Apply the same philosophy you do when you're ahead of the count; shrink the strike zone and look for a pitch in the zone that you are comfortable bunting. If it's not in that zone, don't bunt. Pull the bat back and take the pitch, even if it's a strike.
When attempting to drag bunt, pull your right foot back and move your right hand up the bat. Place the bat in front of the body and the barrel pointed towards first base. This provides the proper angle to bunt the ball down the third base line. By placing the bat in front of your body, you increase the chances of bunting it fair. A common mistake in drag bunting is attempting to deaden the ball as you do in a sacrifice bunt. With a drag bunt, it's much more important to be accurate by bunting the ball down the line.

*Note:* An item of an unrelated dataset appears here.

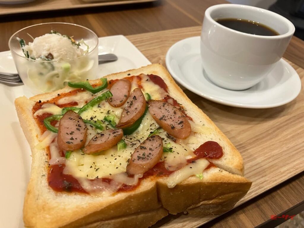 午前中の8:00~12:00まではモーニングで厚切りトーストセット、またはピザトーストセットが楽しめるほか、午後の13:00~17:00まではドリンク(¥500~)のみの提供となる。営業は土曜日・日曜日・月曜日(火~金はお休み)。
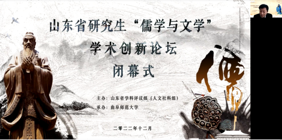 2022年12月10-11日,抽奖轮盘 利用网络平台成功举办山东省研究生“儒学与文学”学术创新论坛。10日上午,抽奖轮盘 党委常委、副校长李兆祥教授、抽奖轮盘 党委书记左兴才发表致辞,研究生处副处长黄美玲、抽奖轮盘 党委副书记曲媛媛出席开幕式,开幕式由抽奖轮盘 副院长、博士生导师杨新刚教授主持。

Once in position to bunt, make sure you have a good pitch to bunt, otherwise pull back. Do not bunt any pitch inside of your current bat position. That pitch forces you to lean back and prevents you from getting a good jump. Take any pitch that is higher than your current bat position. The best pitch for a drag bunt is from the middle to the outside part of the plate.

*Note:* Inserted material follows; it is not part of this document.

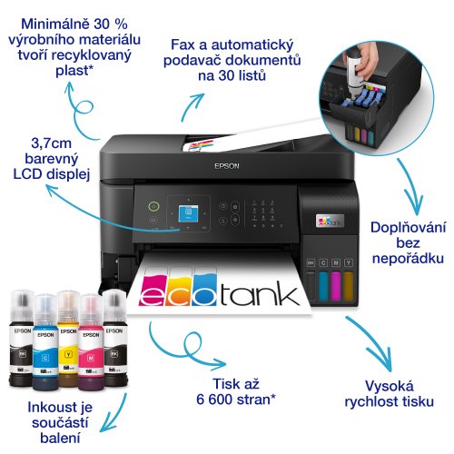 Vychutnejte si bezdrátový a mobilní tisk v profesionální kvalitě s touto mimořádně úspornou multifunkční inkoustovou tiskárnou s faxem, která je ideální pro aktivní domácnosti a malé kanceláře.

The drag bunt for the left-handed hitter is done stepping with your right For left handed hitters, step in with your right foot toward the pitcher while moving your left hand up the bat and bringing the bat forward. Point the barrel of the bat toward third base and be out in front of your body on contact. Look for a pitch from the middle of the plate in to bunt. A common mistake is to cross-over and try to get a great jump while bunting the ball. Again, bunting the ball accurately is more important than getting a great jump.
The purpose of the push bunt, like the drag bunt, is to get a base hit. For right-handed hitters, look for the same situation that left-handed hitters look for when performing a drag bunt. Look to push the bunt past the pitcher toward the second baseman.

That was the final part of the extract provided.